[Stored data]

____________

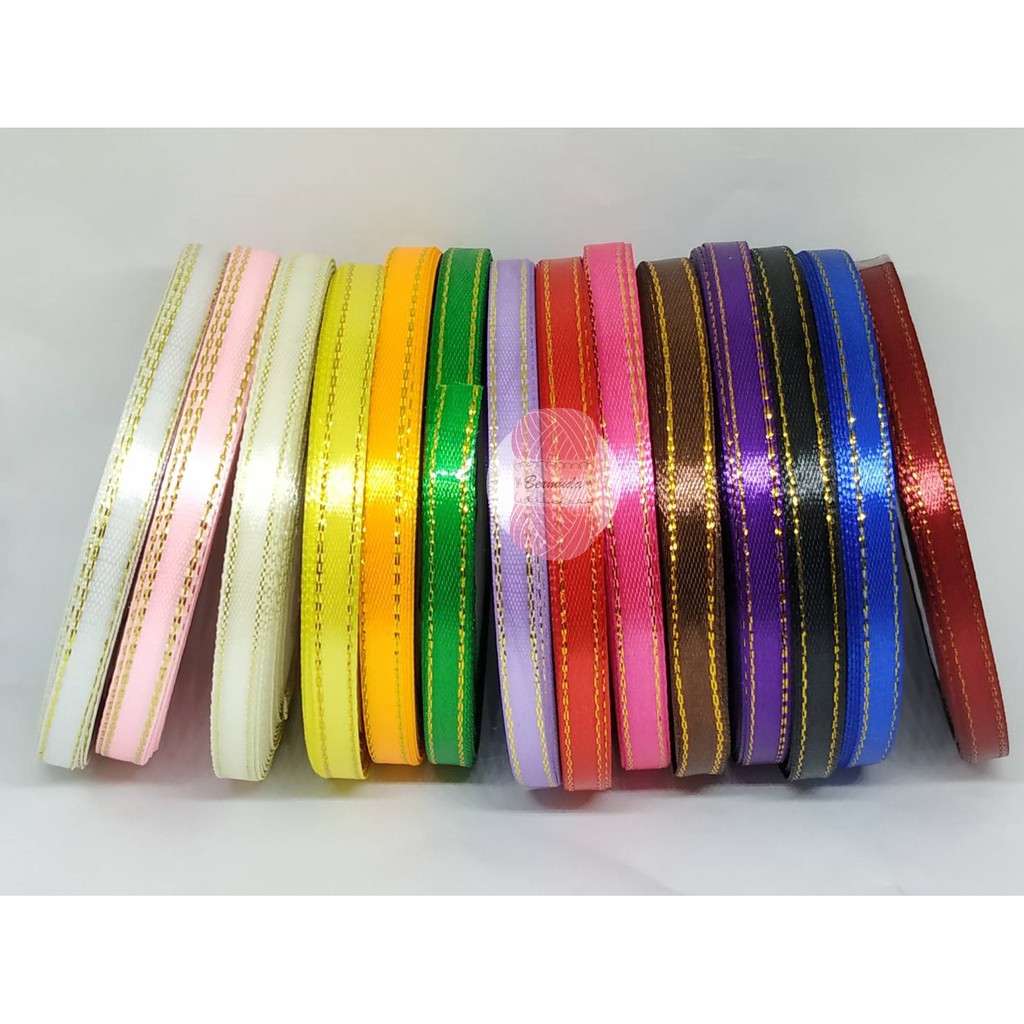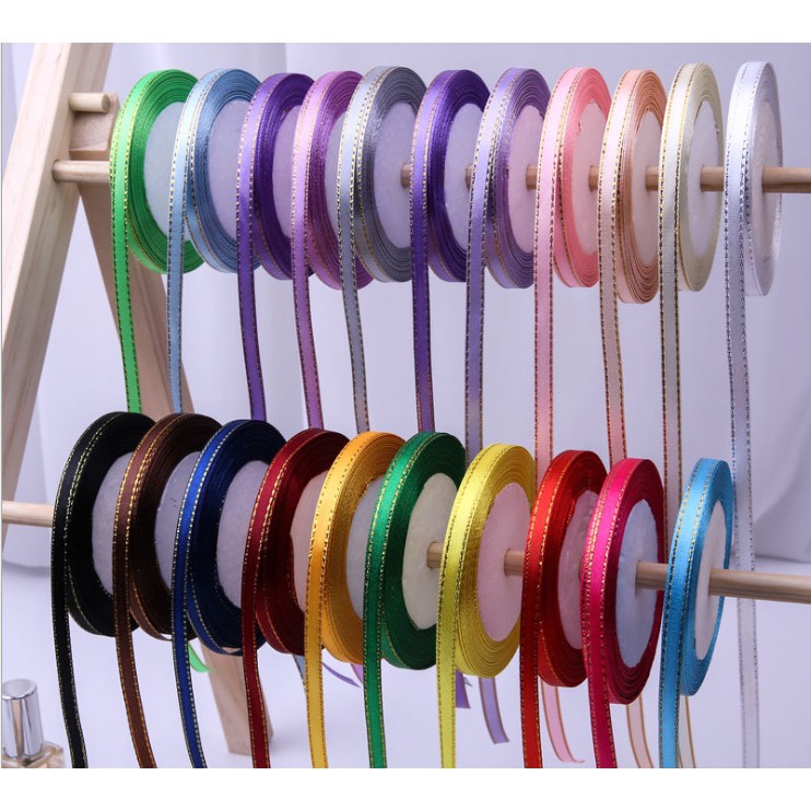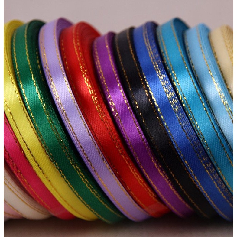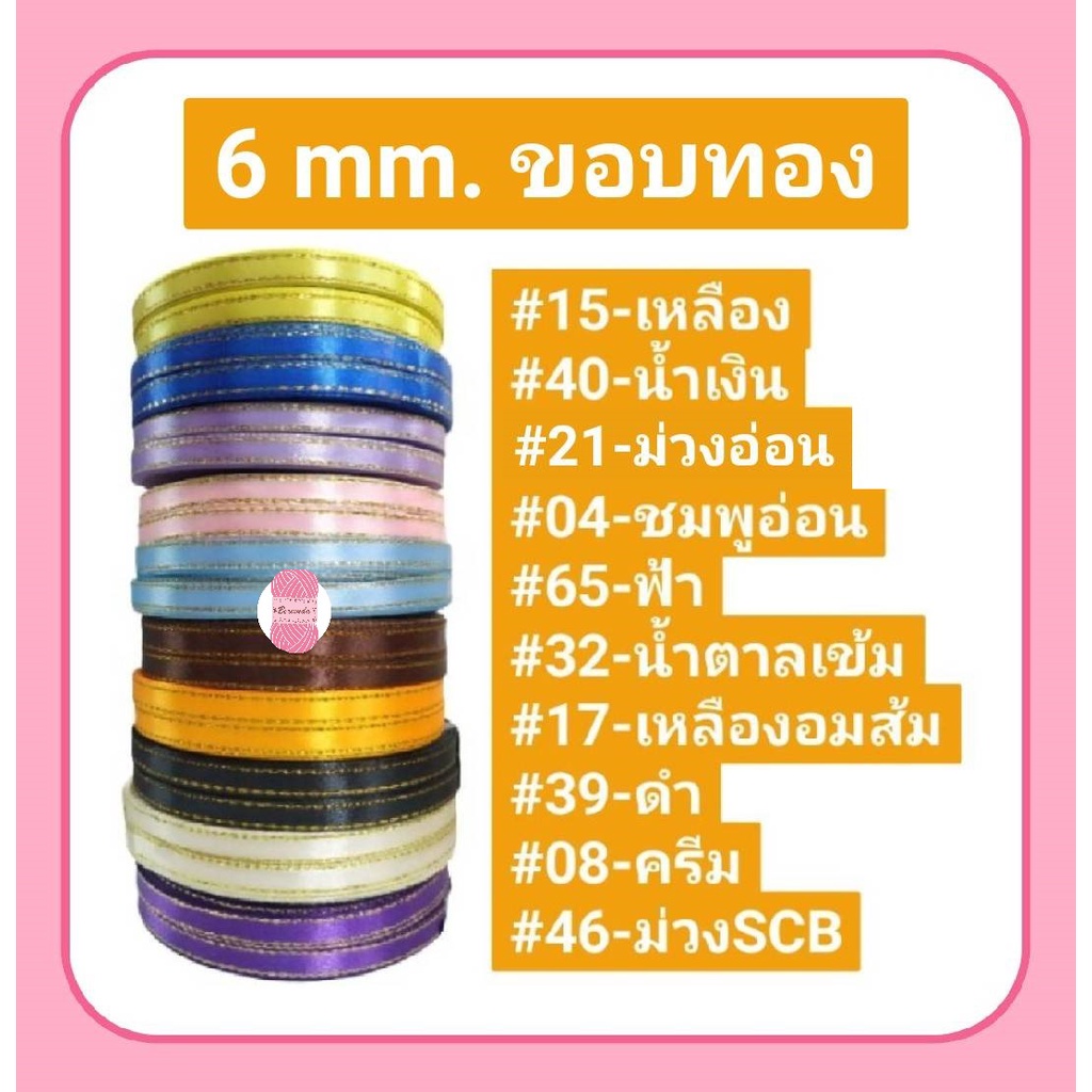 ริบบิ้นผ้าซาติน/ผ้าต่วนตัดขอบสีทอง/เงิน SATIN RIBBON 6 mm. 25 สี
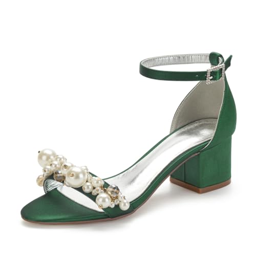 ZhiQin Dark Green,10 UK, Green Heels for Women Sexy Pointed Toe Ankle Strap Sandals Buckle Party Dress with Pearl
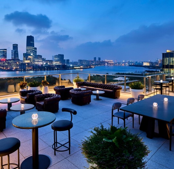 顶层无边恒温泳池坐落在郁郁葱葱的热带花园中,起身便可俯瞰黄浦江景,眺望西岸景色,感受城市魅力。
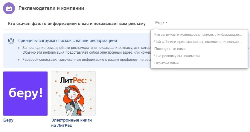 Еще одна «фишка» Facebook заключается в том, что каждый пользователь может посмотреть, какие компании загрузили списки с информацией о нем в рекламный кабинет или наоборот скачали информацию с платформы.
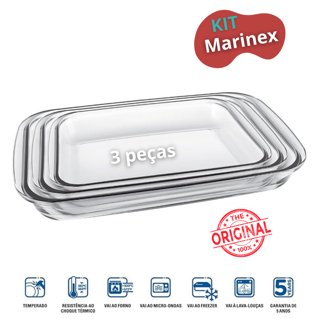 Kit 3 Assadeira De Vidro Marinex Travessa De Vidro Para Forno Pirex De Vidro Refratário De Vidro

____________

-- HOW TO COMPLETE THIS TASK --
Please set down the records exactly, and keep every image out of the copy.

-- COMPLETED TASK --
 ริบบิ้นผ้าซาติน/ผ้าต่วนตัดขอบสีทอง/เงิน SATIN RIBBON 6 mm. 25 สี
 ZhiQin Dark Green,10 UK, Green Heels for Women Sexy Pointed Toe Ankle Strap Sandals Buckle Party Dress with Pearl
 顶层无边恒温泳池坐落在郁郁葱葱的热带花园中,起身便可俯瞰黄浦江景,眺望西岸景色,感受城市魅力。
 Еще одна «фишка» Facebook заключается в том, что каждый пользователь может посмотреть, какие компании загрузили списки с информацией о нем в рекламный кабинет или наоборот скачали информацию с платформы.
 Kit 3 Assadeira De Vidro Marinex Travessa De Vidro Para Forno Pirex De Vidro Refratário De Vidro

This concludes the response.